After 2 unexplained seizures in 3 weeks, Nora got an appointment with with Dr. Thomas Koch at Doernbecher Children’s Hospital in Portland, OR, at the end of December 2010. She was considered an urgent case, so we were able to get an appointment within a few weeks. Nora’s EEG was normal and Dr. Koch told us that Keppra was his first choice for seizure medication because of the lower incidence of side effects and because it does not affect development. With a normal CAT scan, MRI, and EEG, we were told that Nora just seemed to have a lower seizure threshold than most people, and that anti-seizure medication would give her the best chance of outgrowing her tendency to have seizures.

Nora hooked up for an EEG

For 6 months, Nora took Keppra twice per day and she was seizure free. She seemed to have some side effects, such as aggression and hair loss, but we started to feel confident that the Keppra was preventing seizures. In July, we got approval from Dr. Koch to wean Nora off of the Keppra. We were told that 50% of kids will grow out of their seizure disorder in 6 months, so we decided that it would be better to be done with the Keppra sooner rather than later, if it were possible. If she had another seizure, we would go back to Keppra.

Just a few days after completely stopping Keppra, Nora had another tonic-clonic seizure. It happened during the early morning hours. Nora was not sleeping well that night, so I had been in and out of her room several times. I was tucking her in again and the seizure began while she was in bed. We called the neurologist’s office in the morning and started Keppra again right away.

Nine days later, she had another tonic-clonic while we were at the swimming pool in the afternoon. She recovered fine, the EMTs were called to check her out, and I was able to take her home with me as soon as I was able to put her in the car. During this time, we were building back up to a full dose of Keppra.

Five days later, she had another tonic-clonic while we were visiting the Oregon coast. It started in the car, so we stopped and took care of her, then drove right home when we were sure that she was ok (thankfully, we only live about 1 hour from the coast). She slept almost the whole way home, and was disappointed to find that we were in our driveway when she woke up because we were planning to stop for ice cream. She was in a great mood for the rest of the evening, but had another tonic-clonic at approximately 9 pm. Again she slept and recovered. We had her in our bed to keep an eye on her. Then she had yet another tonic-clonic that started in her sleep, around 1 am.

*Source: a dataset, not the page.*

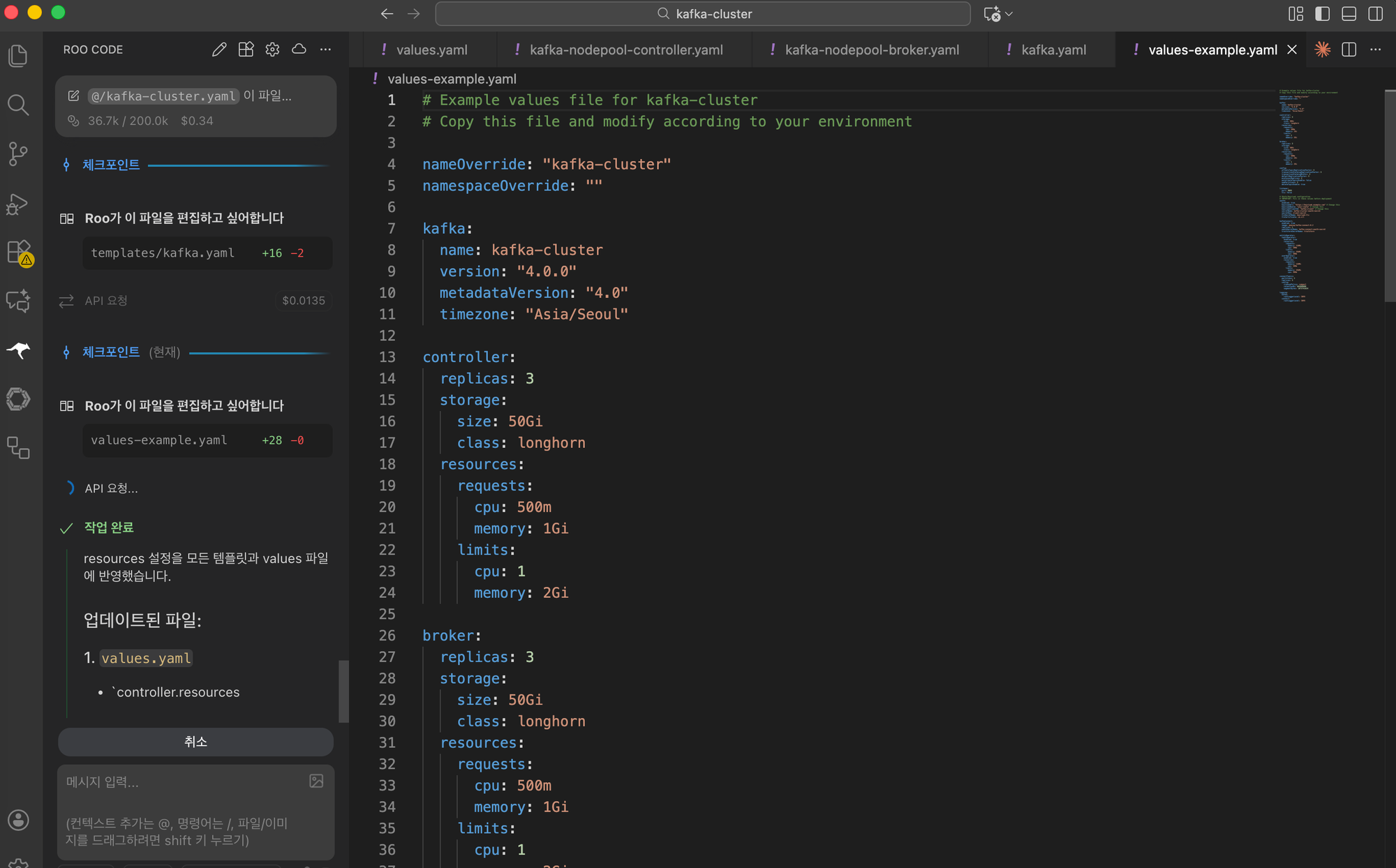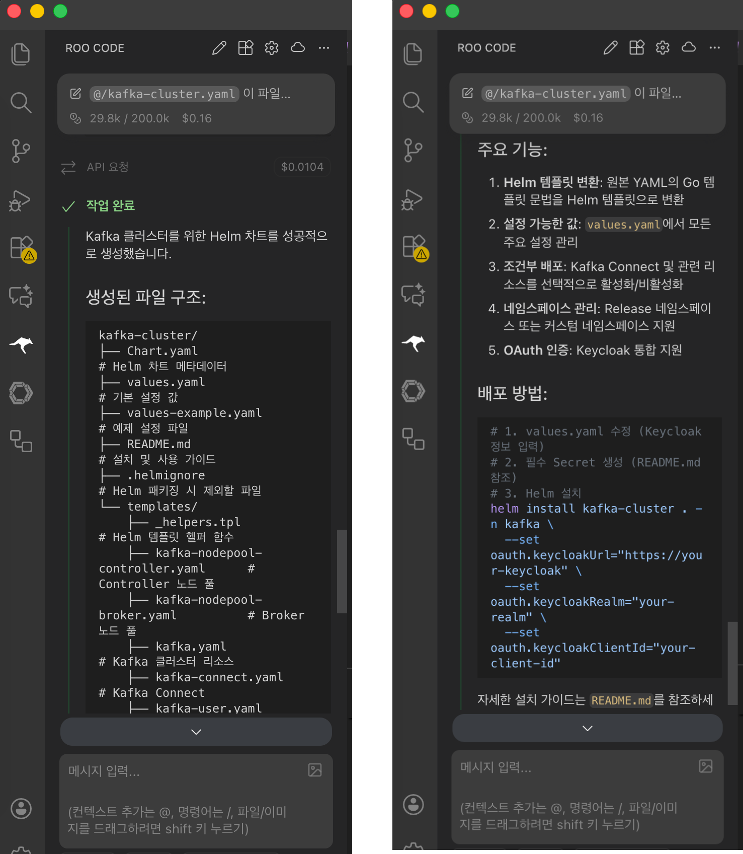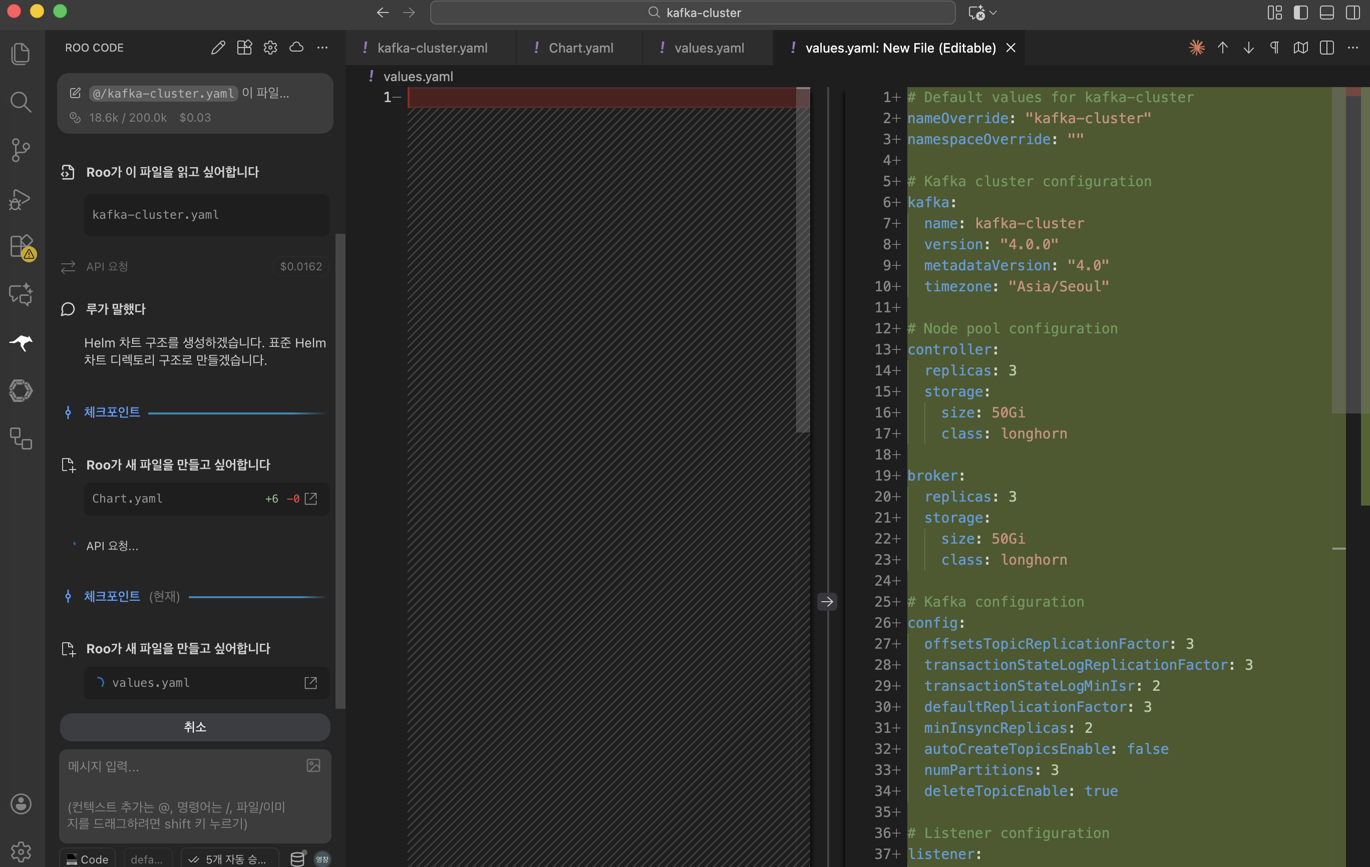 kafka-cluster 배포용 yaml 을 Helm template 형식으로 변환하는 예제를 Roo Code 를 이용하여 바이브 코딩으로 제작하는 과정을 설명합니다.

Three tonic-clonics in one day was devastating. And the next day, the myoclonics began.

A myoclonic seizure is a short involuntary bodily jerk. They are considered a type of generalized seizure because the whole brain is involved, but for Nora the jerk was contained to her upper body. Some could be so strong that it would throw her off-balance, and often she would have one while eating so food or cups would go flying. But immediately after a myoclonic, she was usually perfectly normal. She did not seem to be aware that she had a seizure, only that something fell or spilled. Sometimes there would be a longer postitcal period, where she was disoriented or irritable.

At first we didn’t know what we were seeing. It seemed like a relief at first, like she was starting to have a full tonic-clonic but it was somehow aborted. Maybe the Keppra was starting to work. But we realized soon enough that there was something else going on.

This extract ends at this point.